"...They are to teach what is good, and so train the young woman to love their husbands and children, to be self-controlled, pure, working at home, kind, and submissive to their own husbands, that the word of God may not be reviled."

Titus 2:3-5

10.01.2009

When I was a child...

It is unreal how much my daughter looks like me when I was a child. However, what strikes me most is not just the similar outer appearance, but the exact same personality (as I have heard and I suppose I admit). Now, I love this little girl. I had no idea what a joy it would be to have a daughter. The sweetness and laughter that she brings with her presence was nothing I could have imagined. However, the apple did not fall far from the tree when it comes to being strong-willed and stubborn. I like to make the joke that the only thing that is going to save her from daily battles with her parents if early regeneration. I say that because a turning point for me was when I recognized who Christ was (and is) and that his call to those He saves is not just to be a moralist. The call that lead me to exhibit love, joy, peace, patience, kindness, goodness, faithfulness, gentleness and self-control (Galatians 5:22) and not my strong-willed and I guess I will admit, stubborn nature.

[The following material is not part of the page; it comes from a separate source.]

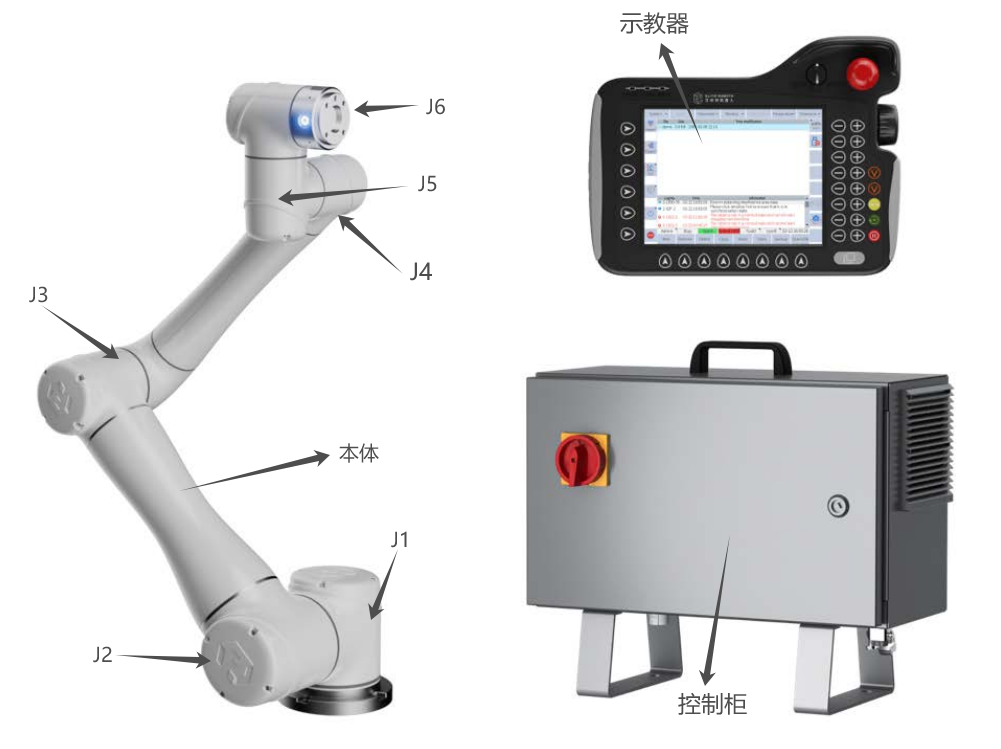 1.  机器人系统主要由机器人本体(以下简称为:本体),机器人控制柜(以下简称为:控制柜)和机器人示教器(以下简称为:示教器)组成。

I have said it before, but having children is a great way to point out your own sin. Not just in the way I interact with them, but watching all of the sinful behaviors that they learn from me, or in the way they act out their own sins. Face it, we just sin in a more self-controlled manor. So I saw this picture of Lydia and as cute as she is, I thought the hair, the smile, and the fact that she is standing up in her crib when she is supposed to be laying down, was yet again a picture of my spiritual condition. So I thank God everyday that he has given me such a cute way to be reminded of my need for a Savior and that one day I (and I plead my children) will see Christ face to face. So through my children, God is continually pointing out what is good...

When I was a child, I spoke like a child, I thought like a child, I reasoned like a child. When I became a man [woman], I gave up childish ways. For now we see in a mirror dimly, but then face to face. Now I know in part; then I shall know fully, even as I have been fully know. 1 Corinthians 13:11-12

1 comment:

April said...

love the new "do" Lydia girl!
And love the changes you have made as well.